Damit meine ich: die Wörter kommunizieren untereinander.

[VI]

Die Wörter treten ein in die Notiz, stehen dicht nebeneinander und kommunizieren. Kommunizieren bedeutet zunächst nicht, dass sie sich sinnvoll verständigen.
Sondern sie reiben sich aneinander.
Sie reagieren.
Sie bringen sich aus der Fassung ihrer Bedeutung und vibrieren.
Im Ernstfall beginnt dabei (unter dem Volt-Geräusch ihrers Aufgezeichnet-Werdens) schon eine neue Verstehens-Schicht sich anzudeuten.
Diese Schicht ist spröde. Sie ist rissig und sicherlich oft fragwürdig.

[VII]

Ich kann nun versuchen, die sich aneinander reibenden, untereinander kommunizierenden Wörter zu organisieren - so, wie ich versuchen könnte, die sich aneinander reibenden, untereinander kommunizierenden Geräusche der Waschmaschine zu organisieren.
Ich würde versuchen, die jeweils einzelnen Elemente (das jeweilige Geräusch, das jeweilige Wort) jeweils annähernd freizulegen:
Das Geräusch von den "Nebengeräuschen" zu reinigen.
Das Wort an eine bestimmte Stelle der Fläche von Display (oder) Papier zu setzen.

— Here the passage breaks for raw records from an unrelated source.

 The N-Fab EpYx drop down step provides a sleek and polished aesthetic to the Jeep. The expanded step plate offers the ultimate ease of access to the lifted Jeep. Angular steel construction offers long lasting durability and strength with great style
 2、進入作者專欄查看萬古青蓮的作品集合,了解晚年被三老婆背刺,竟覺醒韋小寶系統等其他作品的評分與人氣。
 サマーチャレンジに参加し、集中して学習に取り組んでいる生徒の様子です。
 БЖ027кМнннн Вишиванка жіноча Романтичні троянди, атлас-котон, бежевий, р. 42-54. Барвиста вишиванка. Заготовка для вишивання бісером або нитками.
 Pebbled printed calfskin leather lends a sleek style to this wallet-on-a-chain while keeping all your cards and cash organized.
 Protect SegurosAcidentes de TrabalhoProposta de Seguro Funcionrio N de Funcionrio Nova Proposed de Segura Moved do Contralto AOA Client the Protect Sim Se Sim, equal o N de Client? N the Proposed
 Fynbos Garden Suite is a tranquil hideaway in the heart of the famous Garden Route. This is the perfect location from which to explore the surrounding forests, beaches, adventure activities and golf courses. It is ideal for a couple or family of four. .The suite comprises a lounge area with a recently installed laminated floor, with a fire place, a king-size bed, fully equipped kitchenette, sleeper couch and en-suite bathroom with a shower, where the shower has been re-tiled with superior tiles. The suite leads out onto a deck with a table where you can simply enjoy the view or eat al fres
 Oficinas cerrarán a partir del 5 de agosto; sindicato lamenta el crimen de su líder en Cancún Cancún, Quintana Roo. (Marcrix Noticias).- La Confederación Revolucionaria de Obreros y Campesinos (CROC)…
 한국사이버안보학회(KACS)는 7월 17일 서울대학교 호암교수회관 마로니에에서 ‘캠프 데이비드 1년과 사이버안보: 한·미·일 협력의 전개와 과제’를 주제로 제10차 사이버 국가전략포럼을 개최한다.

Wenn mir daran läge, die anfangs genannten musikalischen Prinzipien des Ereignisses Waschmaschine - den allmächtigen Grundton, die bisweilen mitschwingenden Quinten, die schnellen Beats, die Wiederholungen, die Stille - wenn mir daran läge, diese Prinzipien nachvollziehbar zu machen, müsste ich sie stilisieren. Ich kann meine Wahrnehmung, mein Erleben des Ereignisses Waschmaschine Ihnen nicht eins zu eins vermitteln aus einem schlichten Grund: ich bin keine Waschmaschine.
Ebensowenig bin ich die Summe der notierten Wörter.

Um mein Erleben der notierten Wörter nachvollziehbar zu machen, bleibt mir nichts anderes übrig, als die Vorgänge zwischen ihnen zu stilisieren: auf hochgradig willkürliche Weise werde ich selbst die Reibungen die mir am besten gefallen, provozieren.

[VIII]

Was will uns die Waschmaschine sagen?
Was will uns das Wort Waschmaschine sagen?

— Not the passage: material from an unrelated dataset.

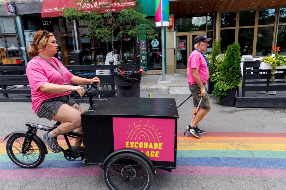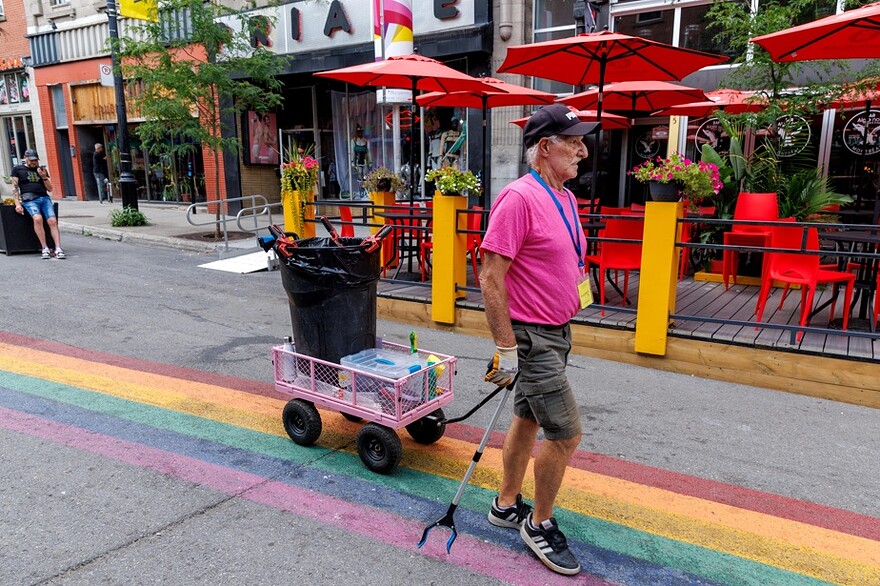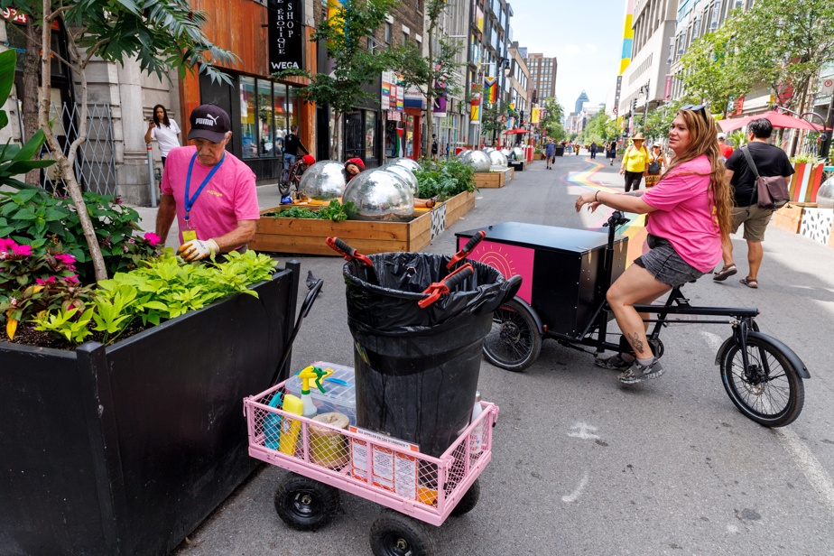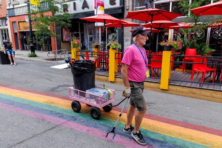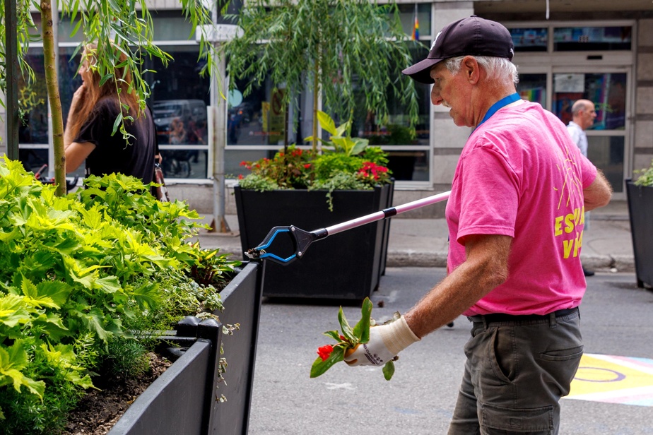 « Ce que je fais, je ne vois pas ça comme un travail. Je ne vois pas le temps passer », témoigne Claude Poirier, qui fait partie de l’une des quatre équipes formées par la Société de développement commercial (SDC) du Village en mai, au début de la piétonnisation de la rue Sainte-Catherine.

Bedeutung scheint dem Wort noch ungleich unbedingter eingeschrieben zu sein als dem Geräusch.
Auch das Wort ist (gesprochen) ein Geräusch.
Das Geräusch ist aber nicht unbedingt ein Wort.

Wenn es mir ernst ist mit dem Wort, kann mein Anliegen nicht sein, das Wort von seiner Bedeutung zu trennen.
Wenn ich aber dem Geräusch Waschmaschine mindestens zehn Bedeutungen zuordnen kann - kann dann nicht auch das Wort Waschmaschine verschiedene Bedeutungen haben?
So subjektiv ich die Bedeutungen des Geräusches innerhalb eines klanglichen Ereignisses bestimmt habe, müsste ich doch auch die Bedeutungen des Wortes innerhalb eines sprachlichen Ereignisses ZUM BEISPIEL DEM GEDICHT bestimmen dürfen.
Wenn aber die Bedeutung dem Wort ohnehin eingeschrieben ist und ich diese verzehnfache - dann kann ich ja auch die Bedeutung des bedeutenden Wortes verzehnfachen, im Sinne der verzehnfachten Bedeutung des Geräusches:
das wären hundert Bedeutungen des Wortes Waschmaschine pro Gedicht!

[IX]

Ich vergleiche nicht die Waschmaschine mit einem Gedicht.
Ich vergleiche die Disposition der akustischen Notizen zu Musik mit der Disposition der verbalen Notizen zu einem Gedicht.

Dennoch wünsche ich jedem mir am Herzen liegenden Gedicht - auch und vor allem den fremden - einen Leser, der auch im Ereignis Waschmaschine ein Gedicht zumindest sucht.

Am Ende bleibt es dann jedem selbst überlassen, ob er das sprachliche Ereignis Gedicht sprechend nachvollzieht und zu einem klanglichen werden lässt - oder ob er es vorzieht, leise der Mechanik zu lauschen.